ICorDebug re-architecture in CLR 4.0

In my previous post I mentioned that CLR 4.0 will support managed dump debugging through ICorDebug, and that to do this we had to re-architect the debugging support in the CLR. I want to give you a little more detail about what we've been doing here. I'm sure I (and others) will be discussing more details in the time leading up to CLR 4.0 RTM, so stay tuned and also feel free to ask questions on this in our forum.

History and background
First, if you haven't already, read Mike's blog entry describing the difference between "hard-mode" and "soft-mode" debugging, and his related entry describing the implication of relying on a helper thread. Mike has clearly been thinking about this for a long time, and the successes we announced at PDC are due in large part to Mike's dedication, vision, and hard-work on this project for the past several years. In fact, after reading this post, if you go back and read other ICorDebug-related entries on Mike’s blog you’ll find a lot of great details on the thinking that lead to the design points I discuss below. Drew Bliss (while he was on the WinDbg team) was also instrumental to the early vision, design and implementation of our re-architecture.

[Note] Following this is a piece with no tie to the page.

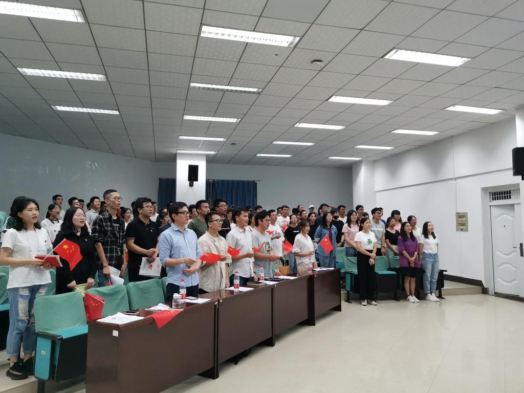 在全党上下深入开展“不忘初心、牢记使命”主题教育之际,经济管理学院经济学专业本科生党支部坚决贯彻落实习近平总书记重要指示精神和《关于开展第二批“不忘初心、牢记使命”主题教育的指导意见》,积极响应学校“不忘初心、牢记使命”主题教育工作方案,在学院党委的统筹和指导下,丰富形式、创新方法、抓实成效开展主题教育活动。9月29日,经济学专业本科生党支部“不忘初心、牢记使命”主题教育暨主题党日活动在北一楼报告厅举行,学院经济系齐睿副教授,2019级辅导员张弛,新生助班贺志恒、陈宏阳等受邀出席,经济学专业本科生党支部全体党员、入党积极分子和2019级经济学新生参加本次活动。

As you know from Mike's blog, there are clearly a number of advantages to being able to debug from out-of-process (not the least of which is support for dump debugging). The big challenge is how to implement this in a maintainable way for a complex system with lots of fancy data structures and algorithms for accessing them. We've actually been experimenting with prototypes for doing this for many years (since nearly the start of the CLR), and this is exactly what SOS relies on. But it's really only been in the past few years that we've developed the confidence to move ALL managed debugging towards an out-of-process model. A power-user tool like SOS has somewhat different requirements from a production-grade API used by millions of developers every day in their Visual Studio debugging sessions.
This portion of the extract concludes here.